- Gotōda in 1992

Deputy Prime Minister of Japan
- In office 8 April 1993 – 9 August 1993
- Prime Minister: Kiichi Miyazawa
- Preceded by: Michio Watanabe
- Succeeded by: Tsutomu Hata

Minister of Justice
- In office 12 December 1992 – 9 August 1993
- Prime Minister: Kiichi Miyazawa
- Preceded by: Takashi Tawara
- Succeeded by: Akira Mikazuki

Chief Cabinet Secretary
- In office 28 December 1985 – 6 November 1987
- Prime Minister: Yasuhiro Nakasone
- Preceded by: Takao Fujinami
- Succeeded by: Keizō Obuchi
- In office 27 November 1982 – 27 December 1983
- Prime Minister: Yasuhiro Nakasone
- Preceded by: Kiichi Miyazawa
- Succeeded by: Takao Fujinami

Director-General of the Management and Coordination Agency
- In office 1 July 1984 – 28 December 1985
- Prime Minister: Yasuhiro Nakasone
- Preceded by: Office established
- Succeeded by: Masumi Esaki

Director-General of the Administrative Management Agency
- In office 27 December 1983 – 1 July 1984
- Prime Minister: Yasuhiro Nakasone
- Preceded by: Kunikichi Saitō
- Succeeded by: Office abolished

Minister of Home Affairs
- In office 9 November 1979 – 17 July 1980
- Prime Minister: Masayoshi Ōhira
- Preceded by: Naozō Shibuya
- Succeeded by: Jirō Ishiba

Chairman of the National Public Safety Commission
- In office 9 November 1979 – 17 July 1980
- Prime Minister: Masayoshi Ōhira
- Preceded by: Naozō Shibuya
- Succeeded by: Jirō Ishiba

Director-General of the Hokkaido Development Agency
- In office 9 November 1979 – 17 July 1980
- Prime Minister: Masayoshi Ōhira
- Preceded by: Naozō Shibuya
- Succeeded by: Kenzaburo Hara

Deputy Chief Cabinet Secretary (Administrative affairs)
- In office 7 July 1972 – 25 November 1973
- Prime Minister: Kakuei Tanaka
- Preceded by: Kin'ichi Koike
- Succeeded by: Hiromori Kawashima

Member of the House of Representatives
- In office 10 December 1976 – 27 September 1996
- Preceded by: Daisuke Akita
- Succeeded by: Constituency abolished
- Constituency: Tokushima at-large

Commissioner General of the National Police Agency
- In office 12 August 1969 – 24 June 1972
- Preceded by: Hiroshi Arai
- Succeeded by: Mikio Takahashi

Personal details
- Born: 9 August 1914 Yoshinogawa, Tokushima, Japan
- Died: 19 September 2005 (aged 91) Bunkyō, Tokyo, Japan
- Party: Liberal Democratic
- Relatives: Masazumi Gotoda (great-nephew)
- Alma mater: Tokyo Imperial University

= Masaharu Gotōda =

Japanese politician (1914–2005)

Masaharu Gotōda (後藤田 正晴, Gotōda Masaharu, 9 August 1914 – 19 September 2005) was a Japanese bureaucrat and politician of the Liberal Democratic Party who served as Deputy Prime Minister of Japan in 1993. He also several in several other cabinet positions such as Chief Cabinet Secretary from 1982 to 1983 and 1985 to 1987 under Prime Minister Yasuhiro Nakasone and Minister of Justice from 1992 to 1993 under Prime Minister Kiichi Miyazawa.

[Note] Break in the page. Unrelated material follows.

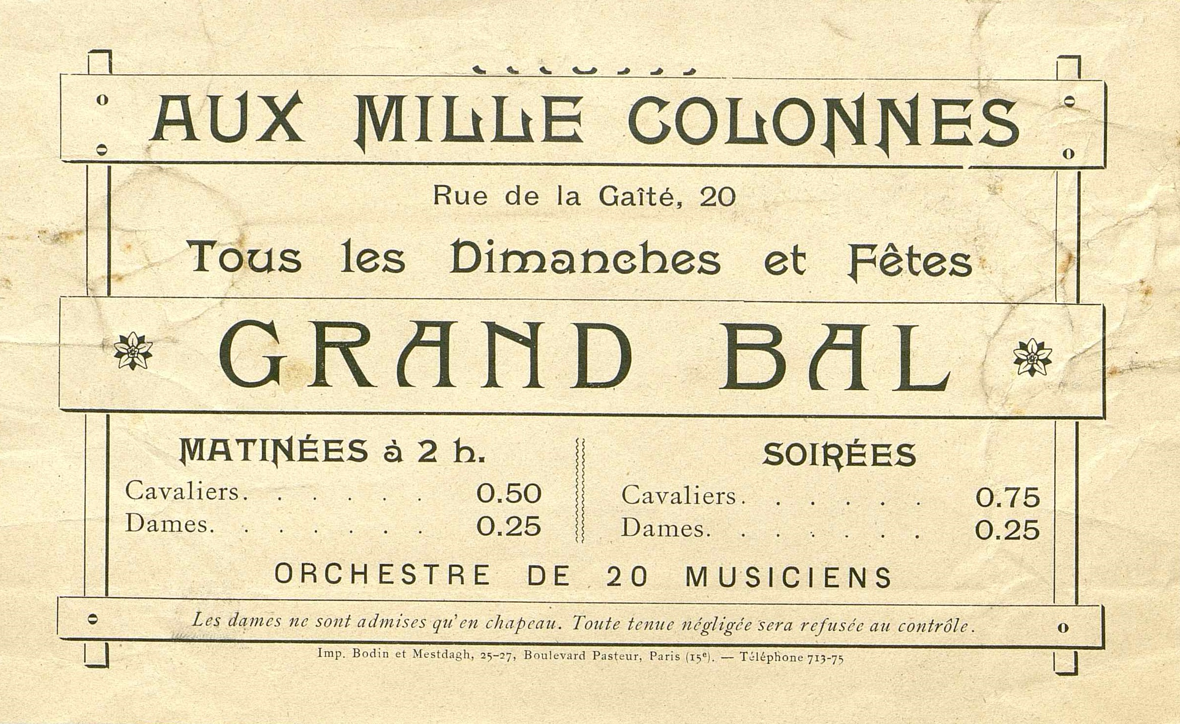 Feuille publicitaire pour la salle, Aux Mille Colonnes, établissement de bal, spectacles et restaurant. Les dames ne sont admises qu'en chapeau.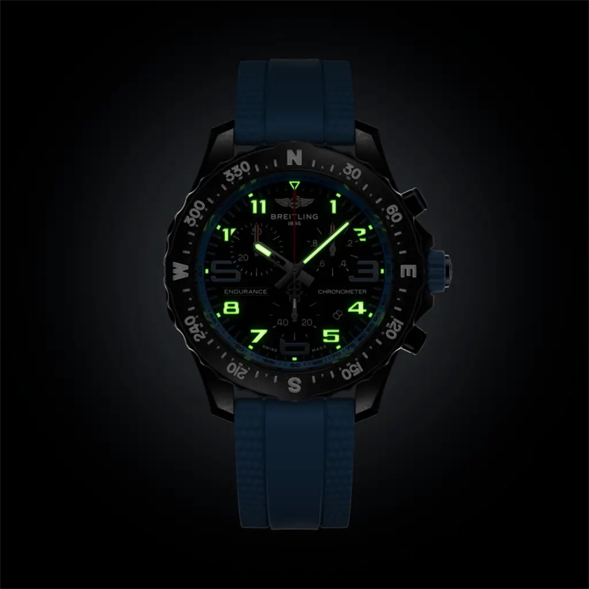 Die Endurance Pro verfügt über ein ultraleichtes Gehäuse aus Breitlight®. Dieser widerstandsfähige Werkstoff ist 3,3-mal leichter als Titan und 5,8-mal leichter als Edelstahl. Das antimagnetische, thermisch stabile und hypoallergene Breitlight® ist hochgradig kratz-, zug- und korrosionsfest. Die haptische Wirkung ist wärmer als die von Metall; der leichte Textureffekt unterstreicht den Einfallsreichtum des Designs. Das Material ist zu 100 % Swiss-made und nur bei Breitling erhältlich. Neben einem Durchmesser von 44 mm oder 38 mm haben Athleten bei der Endurance Pro ausserdem die Wahl zwischen zahlreichen farbenfrohen Zifferblättern und Kautschukarmbändern mit der Breitlight®-Dornschliesse. Beide Grössen werden vom Breitling-Kaliber 82 bzw. 83 angetrieben. Diese COSC-zertifizierten SuperQuartz™-Chronographen zeichnen sich durch eine aussergewöhnliche Ganggenauigkeit aus.

Before becoming a politician Gotōda served as Commissioner General of the National Police Agency from 1969 to 1972 and Deputy Chief Cabinet Secretary from 1972 to 1973.

==Early life==
Masaharu Gotōda was born on 9 August 1914 in Higashiyama Village in the Oe District of Tokushima Prefecture. Gotōda studied law and politics at Tokyo Imperial University. After graduating in 1938 he joined the prestigious Home Ministry. The following year Gotōda was drafted into the Imperial Japanese Army. He served as a liaison officer in Taiwan for most of the war. After the surrender of Japan he was taken as a prisoner of war by the Chinese National Revolutionary Army.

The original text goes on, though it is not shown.